Page MenuHomePhabricator

[DebugInfo] Add support for multiple value references in debug values, and enable salvaging
Needs ReviewPublic

Authored by StephenTozer on Jan 13 2021, 1:07 PM.

Details

Reviewers
deadalnix
Summary

This patch contains the complete implementation of DIArgList, DBG_VALUE_LIST, and salvaging of Binary Operator and GEP instructions with non-constant operands. This is not intended to be an actual review (the stack of patches culimating in D91722 are the review patches), but an easy-to-apply patch for anyone seeking to test, poke around on, or add to the new feature.

Note that currently one of the tests added by this patch fails; the test is being rewritten. All the other tests (added by this patch or otherwise) should pass.
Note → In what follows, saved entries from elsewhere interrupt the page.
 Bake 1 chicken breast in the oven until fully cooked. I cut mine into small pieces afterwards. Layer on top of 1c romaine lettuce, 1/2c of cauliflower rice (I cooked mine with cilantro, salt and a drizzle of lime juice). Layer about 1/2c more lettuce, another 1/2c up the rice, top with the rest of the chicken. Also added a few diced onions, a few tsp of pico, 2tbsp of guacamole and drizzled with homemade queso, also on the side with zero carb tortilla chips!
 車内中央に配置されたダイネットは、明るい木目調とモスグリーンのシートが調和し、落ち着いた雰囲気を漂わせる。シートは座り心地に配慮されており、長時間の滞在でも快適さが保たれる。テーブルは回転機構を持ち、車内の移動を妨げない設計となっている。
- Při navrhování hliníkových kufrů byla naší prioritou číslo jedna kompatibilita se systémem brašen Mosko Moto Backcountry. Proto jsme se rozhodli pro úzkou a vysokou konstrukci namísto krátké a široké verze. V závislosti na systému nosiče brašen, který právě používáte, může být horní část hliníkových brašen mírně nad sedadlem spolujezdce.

The patch is currently up-to-date with revision 993c488ed.

Diff Detail

Event Timeline

StephenTozer created this revision.Jan 13 2021, 1:07 PM
StephenTozer requested review of this revision.Jan 13 2021, 1:07 PM
Herald added a project: Restricted Project. · View Herald TranscriptJan 13 2021, 1:07 PM
StephenTozer edited the summary of this revision. (Show Details)Jan 13 2021, 1:09 PM

Rebased to 30b8f553.

Included some fixes, and also D95463 which is not part of the original patch stack or merged into master yet but is necessary to prevent dire IR-size inflation in builds of clang3.4.
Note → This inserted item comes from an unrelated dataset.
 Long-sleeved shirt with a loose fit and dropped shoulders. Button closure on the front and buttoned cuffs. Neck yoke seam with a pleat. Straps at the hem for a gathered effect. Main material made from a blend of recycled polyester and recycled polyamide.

vsk added a subscriber: vsk.Wed, Jan 27, 4:41 PM

Just chiming in with compile time numbers on the -O3-optimized bitcode file from D74986.

Starting with a baseline of rG30b8f55378cc:

% ./bin/llc -O3 glyphbench-metarenamed.bc -o /dev/null -filetype=obj -time-passes
===-------------------------------------------------------------------------===
                      ... Pass execution timing report ...
===-------------------------------------------------------------------------===
  Total Execution Time: 393.2370 seconds (393.2617 wall clock)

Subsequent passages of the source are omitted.